The Edge
- Type: Daily & Weekly newspaper
- Format: Tabloid
- Owner(s): Tan Sri Tong Kooi Ong The Edge Communications Sdn Bhd
- Editor: Kathy Fong
- Founded: 1994
- Language: English
- Headquarters: Level 3, Menara KLK, No. 1, Jalan PJU 7/6, Mutiara Damansara, 47810 Petaling Jaya, Selangor Darul Ehsan
- Website: theedgemalaysia.com

= The Edge (Malaysia) =

Business newspaper in Malaysia

The Edge Media Group is the publisher of business and financial publications in Malaysia and Singapore, with headquarters in Petaling Jaya, Selangor, Malaysia. It is divided into four subsidiaries: The Edge Communications Sdn Bhd, publisher of The Edge Malaysia – a Business and investment weekly publication launched in 1994 available in both print and digital formats and The Edge CEO Morning Brief – a digital business and political news publication available every Tuesday-Friday morning, The Edge Publishing Pte Ltd, publisher of The Edge Singapore – a local newspaper with in-depth and analytical coverage on business and investments within Singapore and across the region, The Edge Property Sdn Bhd and The Edge Property Pte Ltd.

== History ==

On July 24, 2015, the Malaysian government suspended the publishing license of the Edge media group's two print publications, the Edge Weekly and the Edge Financial News, alleging that their coverage of the 1Malaysia Development Berhad threatened the country's national security and public order. The Edge's print publications were suspended for three months, beginning on 27 July 2015. The suspension of The Edge newspapers was criticized by several opposition politicians, the Institute of Journalists Malaysia, and business leaders, including the CIMB Group chairman Nazir Razak and Air Asia executive Tony Fernandes. On July 27, The Edge filed a judicial review challenging the ban.

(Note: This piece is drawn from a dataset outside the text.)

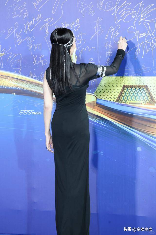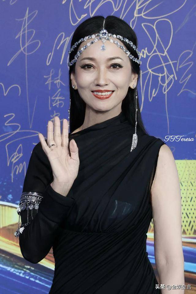 在电影节红毯上,她穿着黑色薄纱礼服,单袖剪裁搭配银色头饰,宛如西域公主。
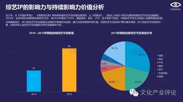 近几年,在《中国好声音》、《奔跑吧兄弟》等传统电视综艺节目风靡全国同时,以《奇葩说》、《我去上学啦》等为代表的网络综艺节目也迅速崛起。2015年,全网共有96部网络自制综艺节目,较2014年增加了104%,覆盖语言、音乐、户外、亲子等多个类型,中国综艺节目正全面进入发展的黄金时期。与网络剧类似,热门的综艺节目也能通过品牌的不断更新与延续,最大化的发挥其IP的价值。但是综艺节目的用户集中度非常高,热门的综艺节目屈指可数,目前市场上由综艺节目改编的手游作品数量并不多。

In April 2023, The Edge Communications Sdn. Bhd. and its owner, Tan Sri Tong Kooi Ong, bought a stake in The Star Media Group, with Tong owning a direct interest of 0.25% stake and a 5.17% indirect interest through The Edge Communications.

== Circulation ==
The Edge Malaysia is audited by the Audit Bureau of Circulations. As of January 2014, it has an approximate circulation of 22,572. The Edge Malaysia caters to corporate executives and the general public with an interest in the Malaysian financial market and is distributed nationwide via newsstands.